Heya Søren,
thanks for picking this up. Any help is greatly appreciated :)
On Mar 21, 2008, at 11:02 , Søren Hilmer wrote:
I have hacked a little on the LuceneIndexer, and fixed some bugs to
get it
compiling and running, though I also had to patch couchdb4j (patch
was from
the couchdb4j issues page). Also found that the readme needs some
tuning,
LuceneIndexer in couch.ini is now FullTextSearchQueryServer, right?
Nope, that is the LuceneSearcher. The LuceneIndexer is now
DbUpdateNotificationProcess.
But all is still not well, here is a few of questions that I hope
someone can
supply answers to:
1) couchdb4j uses "_all_docs_by_update_seq" to get a specific
revision of a
document. The trunk version of couchdb does not support this. Has it
been
discontinued in favor of "_all_docs_by_seq" ?
Yes.
2) What was actually the intention of the LuceneIndexer, I guess
that it
should traverse all the databases and all the documents within these
and
store the result in the database "couchdbfulltext", right? Some work
to
achieve this seams necessary.
LuceneIndexer is supposed to create the fulltext index that
LuceneSearcher
then can query. It is responsible for building and maintaining that
index. That
is update and delete entries as needed. See below.

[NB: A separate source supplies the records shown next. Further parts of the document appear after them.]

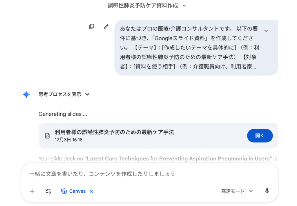 医療介護の資料は、目的が明確でなければ伝わりません。Geminiに効果的なスライドを作成させるため、誰に何を伝えたいかを具体的に指示します。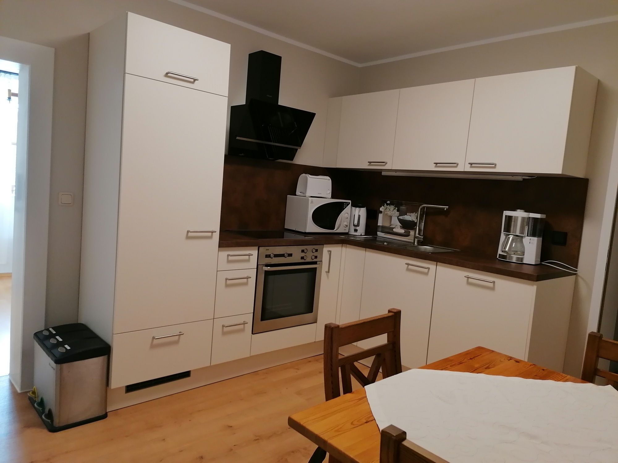Küche mit großzügiger Ausstattung. NEU:Die FeWo Apfelblüte hat 2025 eine neue Küche bekommen!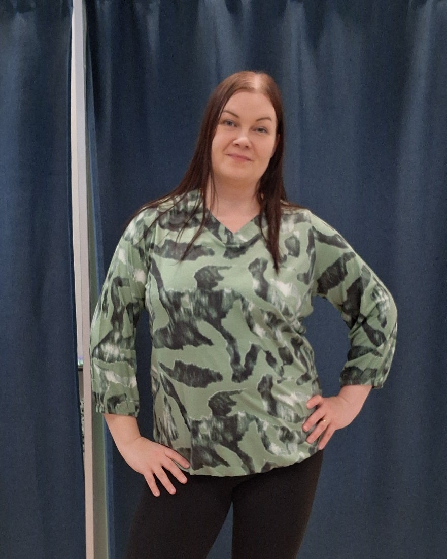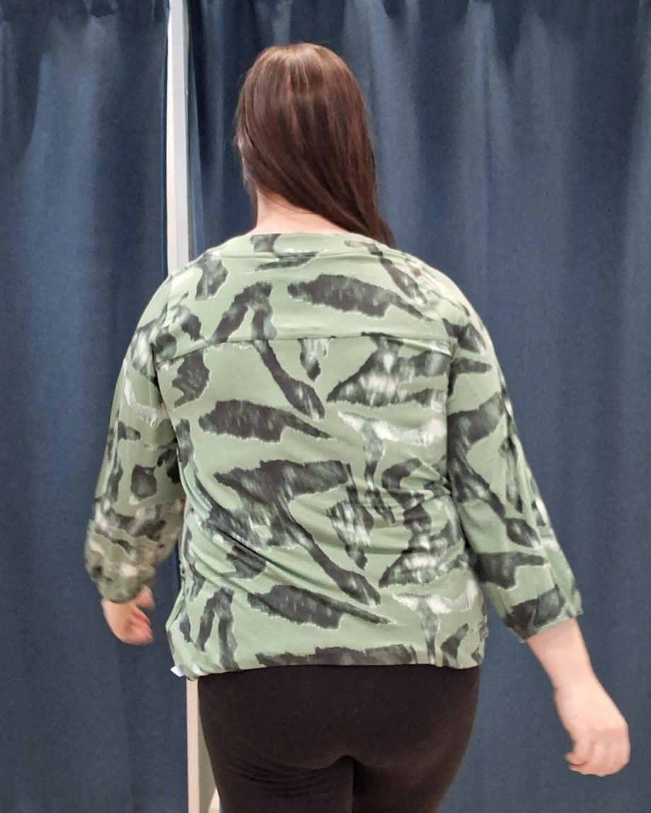 Pehmeä ja joustava viskoosi pusero. V-pääntie. Helmassa ja hihansuissa kuminauha. 3/4 hihat.
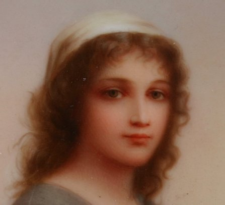 KPM QUALITY PAINTING ON PORCELAIN OF RUTH: Measures 6'' x 4'', illegible writing in pencil verso with impressed mark ''107'', no visible signature.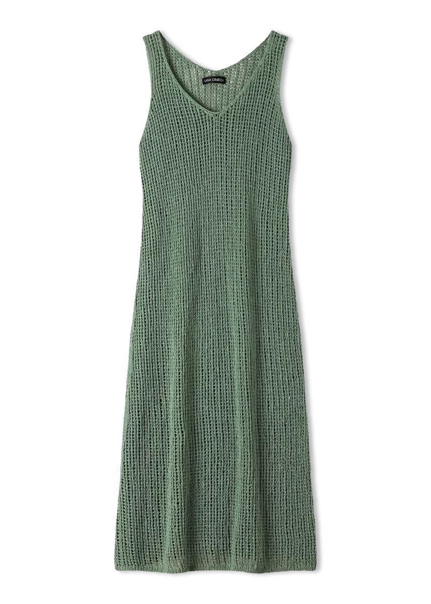 Umschläge und zusammengestrickte Maschen machen dieses Kleid luftig-leicht und halbtransparent. Wir tragen das taillierte, leicht ausgestellte Piece über Bikinis oder Badeanzüge.

3) When a database has a changed document, the indexer should re-
index it,
right?
Correct. LuceneIndexer is launched along with and from CouchDB if you
supply
the ini option I mentioned above. CouchDB opens a stdio connection with
LuceneIndexer. LuceneIndexer has on listen to stdin for messages CouchDB
sends. Now every time a database changes, CouchDB sends down the
database
name followed by a newline to LuceneIndexer. CouchDB expects
LuceneIndexer
NOT to answer.
The first time a change notification is sent, that is, when no index
has been written,
LuceneIndexer fetches all documents from CouchDB and integrates their
contents
into the search index. With that, LuceneIndexer maintains the update
sequence
number of that database. So on all subsequent notifications,
LuceneIndexer can
use that sequence number to ask only for the documents that changed
since the
last time and in turn can then update the fulltext index accordingly.
In practice you
would not fetch each doc individually but make sure you only query
every N seconds
or only once for each M notifications.
Makes sense? :)
4) I have still not looked at the LuceneSearcher, how is that hooked
into
couchdb?
In the same way with the ini option you mentioned in your mail. When
CouchDB
gets a fulltext query, it sends the query string over stdio to the
LuceneSearcher
along with the database name. LuceneSearcher returns a list of
documents and
probabilities of all documents that match that query. CouchDB then
returns this
list.
Note however, that there is no HTTP API to test that, only the
internal API has that.
So you'd have to start CouchDB with the Erlang console (-i flag IIRC)
and use
couchdb_ft_query:execute("database", "+ query +string"). to send CouchDB
fulltext queries.
I hope to get it working and supply a patch when it does, hopefully
I am not
treading on anyones toes here.
By no means! Please go ahead. We are grateful for every helping hand. If
you have any more questions, just send them in. You might want to check
out #couchdb on Freenode if you are into IRC.
Thanks for your help.
Cheers,
Jan
--